Jakarta (ANTARA) – Peneliti Departemen Ekonomi dan Keuangan (Indef) Agus Herta Sumarto mengingatkan pemerintah agar berhati-hati dalam mengambil aturan terkait kenaikan pajak agar tidak menurunkan daya beli masyarakat.
“Salah satu cara untuk menaikkan tarif pajak kita adalah dengan menaikkan tarif pajak, meski ada cara lain. Namun pemerintah juga harus berhati-hati, jangan sampai kenaikan pajak ini justru menggerogoti daya beli,” kata Agus saat dihubungi dari Jakarta, Selasa.
Ia pun memahami apa yang dilakukan pemerintah dengan menaikkan tarif pajak.

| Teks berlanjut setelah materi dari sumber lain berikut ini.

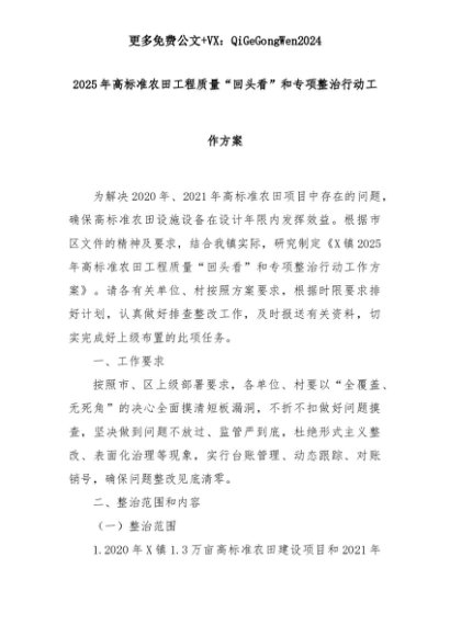 【七哥公文】2025年:【七哥公文】2025年高标准农田工程质量“回头看”和专项整治行动工作方案+更多免费公文+VX:QiGeGongWen2024+更多免费公文+VX:QiGeGongWen2024
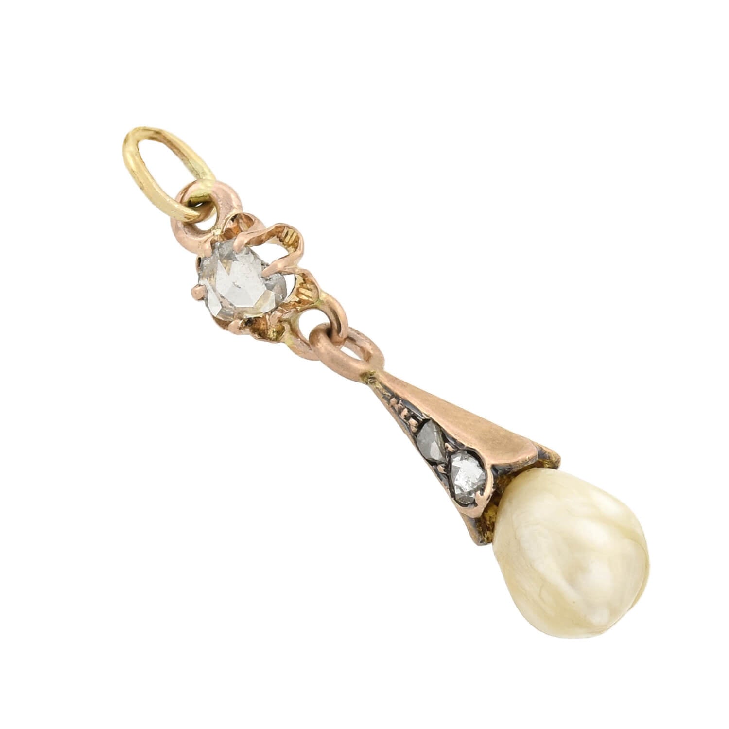 Victorian 14kt Rose Cut Diamond + Natural Pearl Pendant

Pasalnya, salah satu permasalahan di bidang perpajakan adalah tarif pajak Indonesia yang masih rendah dibandingkan negara-negara G20 dan beberapa negara ASEAN.
Pada tahap awal, dia menyarankan penerapan PPN sebesar 12 persen yang akan dipungut pada tahun 2025, diterapkan pada sektor-sektor tertentu yang tidak berdampak langsung terhadap daya beli masyarakat luas.

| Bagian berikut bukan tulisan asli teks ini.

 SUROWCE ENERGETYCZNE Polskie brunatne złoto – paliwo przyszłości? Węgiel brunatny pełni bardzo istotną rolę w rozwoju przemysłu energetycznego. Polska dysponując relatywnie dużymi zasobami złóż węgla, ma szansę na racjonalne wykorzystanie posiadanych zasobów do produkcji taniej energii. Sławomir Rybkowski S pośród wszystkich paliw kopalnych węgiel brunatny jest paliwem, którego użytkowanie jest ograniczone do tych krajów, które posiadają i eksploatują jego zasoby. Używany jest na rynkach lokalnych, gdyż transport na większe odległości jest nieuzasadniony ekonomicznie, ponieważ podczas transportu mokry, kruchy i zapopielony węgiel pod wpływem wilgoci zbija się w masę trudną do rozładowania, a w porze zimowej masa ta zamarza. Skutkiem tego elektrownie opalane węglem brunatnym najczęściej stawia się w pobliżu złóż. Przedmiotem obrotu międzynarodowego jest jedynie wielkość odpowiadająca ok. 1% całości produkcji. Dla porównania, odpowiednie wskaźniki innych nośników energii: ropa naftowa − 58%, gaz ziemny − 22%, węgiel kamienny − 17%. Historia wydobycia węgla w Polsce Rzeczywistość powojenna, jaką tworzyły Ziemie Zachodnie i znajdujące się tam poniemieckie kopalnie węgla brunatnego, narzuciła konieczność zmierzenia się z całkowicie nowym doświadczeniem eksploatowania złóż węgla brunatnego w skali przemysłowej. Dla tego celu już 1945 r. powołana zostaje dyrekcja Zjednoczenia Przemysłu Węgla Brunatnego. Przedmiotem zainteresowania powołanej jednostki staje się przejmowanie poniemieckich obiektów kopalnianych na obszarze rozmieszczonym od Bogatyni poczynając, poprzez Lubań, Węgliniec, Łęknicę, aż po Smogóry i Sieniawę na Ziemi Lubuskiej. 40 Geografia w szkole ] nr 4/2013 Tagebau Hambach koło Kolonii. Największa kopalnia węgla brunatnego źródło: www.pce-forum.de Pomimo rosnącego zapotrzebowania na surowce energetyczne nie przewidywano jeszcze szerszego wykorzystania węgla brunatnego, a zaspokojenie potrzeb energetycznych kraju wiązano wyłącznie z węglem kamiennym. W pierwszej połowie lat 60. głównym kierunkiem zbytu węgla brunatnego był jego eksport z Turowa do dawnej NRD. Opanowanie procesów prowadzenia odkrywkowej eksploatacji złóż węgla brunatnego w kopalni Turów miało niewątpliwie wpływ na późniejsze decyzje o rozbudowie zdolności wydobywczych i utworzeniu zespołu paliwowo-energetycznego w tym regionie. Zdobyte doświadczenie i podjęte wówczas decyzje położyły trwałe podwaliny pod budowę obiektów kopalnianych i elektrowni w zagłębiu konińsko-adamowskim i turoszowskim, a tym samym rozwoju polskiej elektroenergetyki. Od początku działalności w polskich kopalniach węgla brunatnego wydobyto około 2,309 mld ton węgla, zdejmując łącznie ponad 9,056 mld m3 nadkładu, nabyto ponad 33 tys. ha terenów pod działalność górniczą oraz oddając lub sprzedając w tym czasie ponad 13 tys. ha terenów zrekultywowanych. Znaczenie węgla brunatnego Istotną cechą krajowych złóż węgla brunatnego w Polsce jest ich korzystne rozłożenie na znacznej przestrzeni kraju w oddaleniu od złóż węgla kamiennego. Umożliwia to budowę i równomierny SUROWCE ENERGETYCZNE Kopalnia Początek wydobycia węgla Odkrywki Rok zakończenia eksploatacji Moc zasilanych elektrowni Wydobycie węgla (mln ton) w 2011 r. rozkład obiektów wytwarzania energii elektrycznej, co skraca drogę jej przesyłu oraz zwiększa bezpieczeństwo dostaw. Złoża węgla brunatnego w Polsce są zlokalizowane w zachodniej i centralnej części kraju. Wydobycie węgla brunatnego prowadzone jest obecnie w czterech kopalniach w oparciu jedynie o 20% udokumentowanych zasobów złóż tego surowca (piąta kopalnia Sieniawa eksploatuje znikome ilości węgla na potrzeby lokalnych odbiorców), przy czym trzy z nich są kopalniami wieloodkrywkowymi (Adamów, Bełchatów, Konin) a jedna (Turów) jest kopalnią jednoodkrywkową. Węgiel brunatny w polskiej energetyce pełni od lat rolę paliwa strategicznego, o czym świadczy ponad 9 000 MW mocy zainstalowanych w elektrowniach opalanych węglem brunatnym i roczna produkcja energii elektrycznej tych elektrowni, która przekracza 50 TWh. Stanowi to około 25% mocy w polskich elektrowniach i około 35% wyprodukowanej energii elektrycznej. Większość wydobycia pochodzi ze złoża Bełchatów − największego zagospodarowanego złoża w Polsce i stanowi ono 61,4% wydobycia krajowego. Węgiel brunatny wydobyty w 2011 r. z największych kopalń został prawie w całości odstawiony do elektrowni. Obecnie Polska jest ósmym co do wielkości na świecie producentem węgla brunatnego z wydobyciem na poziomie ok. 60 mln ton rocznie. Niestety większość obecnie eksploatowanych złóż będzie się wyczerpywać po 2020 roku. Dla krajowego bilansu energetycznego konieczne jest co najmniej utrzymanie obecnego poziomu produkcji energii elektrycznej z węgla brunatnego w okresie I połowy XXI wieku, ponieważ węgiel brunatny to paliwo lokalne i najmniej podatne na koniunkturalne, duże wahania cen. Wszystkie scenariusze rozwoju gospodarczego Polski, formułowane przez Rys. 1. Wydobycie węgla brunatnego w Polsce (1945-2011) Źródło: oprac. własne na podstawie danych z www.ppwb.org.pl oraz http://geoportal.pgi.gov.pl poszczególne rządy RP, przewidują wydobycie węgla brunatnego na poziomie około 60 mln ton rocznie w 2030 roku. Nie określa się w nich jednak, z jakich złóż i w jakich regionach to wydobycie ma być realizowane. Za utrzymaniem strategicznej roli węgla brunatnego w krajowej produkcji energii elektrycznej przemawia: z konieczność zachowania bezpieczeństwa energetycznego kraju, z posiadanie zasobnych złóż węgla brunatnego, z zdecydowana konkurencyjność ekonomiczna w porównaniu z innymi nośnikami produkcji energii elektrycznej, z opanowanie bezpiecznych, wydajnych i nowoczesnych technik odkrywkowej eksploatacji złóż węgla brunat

Menurutnya, pemilihan produk elektronik, fashion dan otomotif merupakan sebuah langkah bijak karena produk tersebut bukanlah produk primer yang berkaitan dengan kebutuhan pokok masyarakat luas, menurutnya ketiga jenis produk tersebut masuk dalam kategori kebutuhan sekunder bahkan ada yang termasuk dalam barang mewah atau barang mewah.
“Jadi yang akan terkena dampak langsung adalah masyarakat kelas menengah ke atas yang memiliki pendapatan relatif tinggi,” ujarnya.
Ia juga memperkirakan kenaikan PPN di awal penerapan ini kemungkinan besar akan berdampak terutama pada jumlah klaim. Namun mengingat konsumennya adalah masyarakat kelas menengah ke atas, maka akan terjadi penyesuaian dan penyesuaian pola konsumsinya sehingga dalam jangka menengah dan panjang pola konsumsinya kembali normal.
Maklum, Menteri Keuangan Sri Mulyani Indrawati menyatakan rencana kenaikan tarif Pajak Pertambahan Nilai (PPN) menjadi 12 persen pada 1 Januari 2025 akan tetap dilaksanakan sesuai amanat Undang-Undang (UU).
Wacana PPN sebesar 12 persen tertuang dalam Undang-Undang Harmonisasi Aturan Fiskal (HPP) yang dirancang pada tahun 2021. Setelah itu, pemerintah mempertimbangkan kondisi kesehatan dan kebutuhan pokok masyarakat yang terdampak COVID-19. pandemi.
Artinya, ketika kita mengambil kebijakan terkait perpajakan, termasuk PPN, tidak dilakukan secara membabi buta dan seolah-olah kita tidak ada konfirmasi atau perhatian terhadap sektor lain, seperti kesehatan, bahkan saat itu termasuk sembako, kata Sri Mulyani. .
Ia mengatakan Anggaran Pendapatan dan Belanja Negara (APBN) harus tetap sehat sekaligus mampu berfungsi dalam merespons berbagai krisis.